TASK INSTRUCTIONS -
Pictures aside, copy exactly each line from the one that holds "Tiere, Wind, Trecker" through the last line of the records below.

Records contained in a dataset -
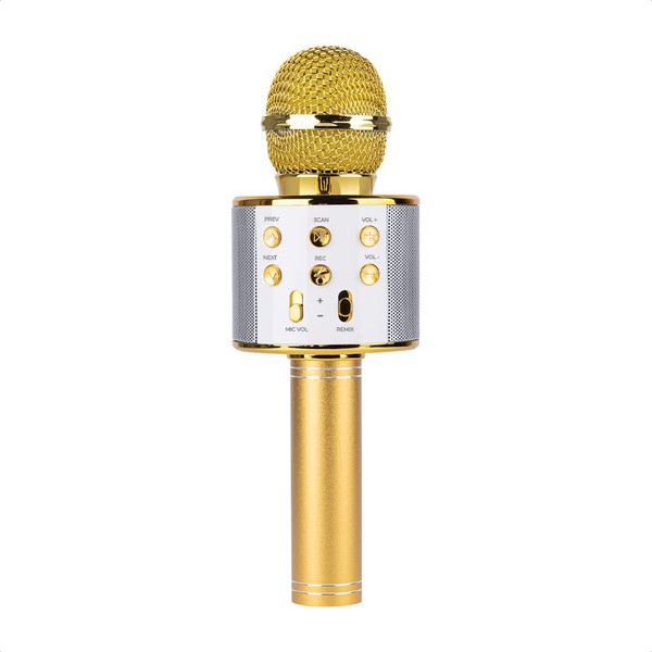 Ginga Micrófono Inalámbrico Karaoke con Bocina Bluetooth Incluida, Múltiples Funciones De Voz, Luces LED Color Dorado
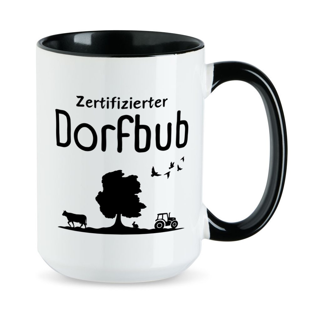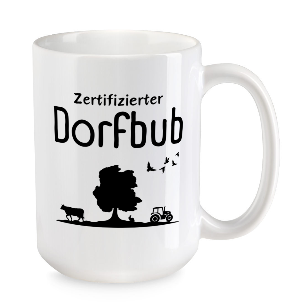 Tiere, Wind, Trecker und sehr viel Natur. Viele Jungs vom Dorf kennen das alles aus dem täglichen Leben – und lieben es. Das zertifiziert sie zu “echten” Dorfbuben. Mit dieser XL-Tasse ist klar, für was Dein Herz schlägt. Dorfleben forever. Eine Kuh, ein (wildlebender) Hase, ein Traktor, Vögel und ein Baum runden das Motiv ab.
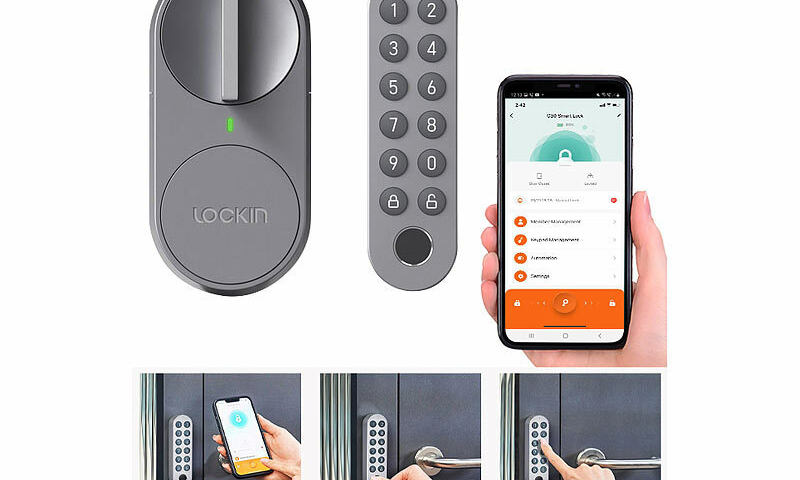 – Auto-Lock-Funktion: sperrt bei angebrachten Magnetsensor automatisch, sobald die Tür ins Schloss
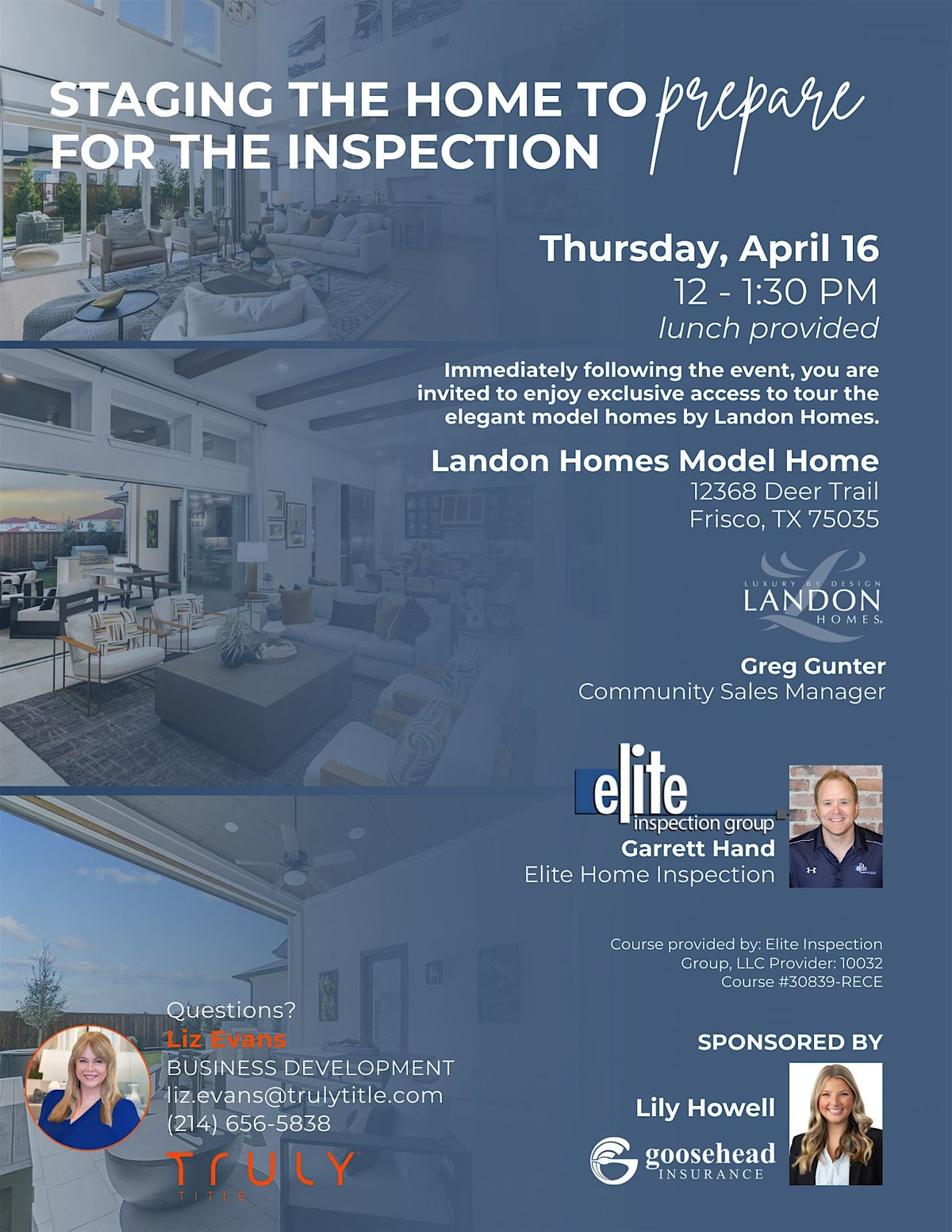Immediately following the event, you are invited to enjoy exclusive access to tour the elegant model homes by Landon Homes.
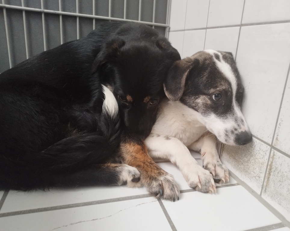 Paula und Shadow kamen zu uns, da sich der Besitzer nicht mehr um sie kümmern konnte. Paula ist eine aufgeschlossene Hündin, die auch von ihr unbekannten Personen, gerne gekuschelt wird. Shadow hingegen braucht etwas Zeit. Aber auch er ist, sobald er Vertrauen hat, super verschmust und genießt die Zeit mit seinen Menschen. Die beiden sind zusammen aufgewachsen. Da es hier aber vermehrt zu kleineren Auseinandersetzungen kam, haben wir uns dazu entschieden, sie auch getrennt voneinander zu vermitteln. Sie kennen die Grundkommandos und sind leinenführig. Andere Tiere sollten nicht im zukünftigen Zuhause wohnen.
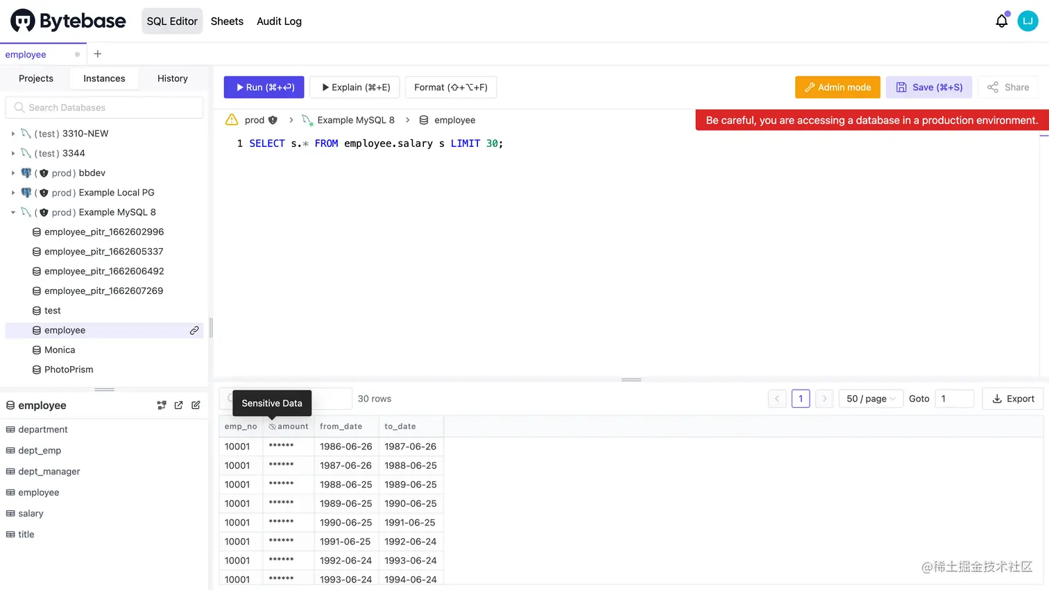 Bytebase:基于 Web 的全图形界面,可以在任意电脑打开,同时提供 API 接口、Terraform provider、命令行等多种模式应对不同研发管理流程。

RESPONSE AREA -
 Tiere, Wind, Trecker und sehr viel Natur. Viele Jungs vom Dorf kennen das alles aus dem täglichen Leben – und lieben es. Das zertifiziert sie zu “echten” Dorfbuben. Mit dieser XL-Tasse ist klar, für was Dein Herz schlägt. Dorfleben forever. Eine Kuh, ein (wildlebender) Hase, ein Traktor, Vögel und ein Baum runden das Motiv ab.
 – Auto-Lock-Funktion: sperrt bei angebrachten Magnetsensor automatisch, sobald die Tür ins Schloss
Immediately following the event, you are invited to enjoy exclusive access to tour the elegant model homes by Landon Homes.
 Paula und Shadow kamen zu uns, da sich der Besitzer nicht mehr um sie kümmern konnte. Paula ist eine aufgeschlossene Hündin, die auch von ihr unbekannten Personen, gerne gekuschelt wird. Shadow hingegen braucht etwas Zeit. Aber auch er ist, sobald er Vertrauen hat, super verschmust und genießt die Zeit mit seinen Menschen. Die beiden sind zusammen aufgewachsen. Da es hier aber vermehrt zu kleineren Auseinandersetzungen kam, haben wir uns dazu entschieden, sie auch getrennt voneinander zu vermitteln. Sie kennen die Grundkommandos und sind leinenführig. Andere Tiere sollten nicht im zukünftigen Zuhause wohnen.
 Bytebase:基于 Web 的全图形界面,可以在任意电脑打开,同时提供 API 接口、Terraform provider、命令行等多种模式应对不同研发管理流程。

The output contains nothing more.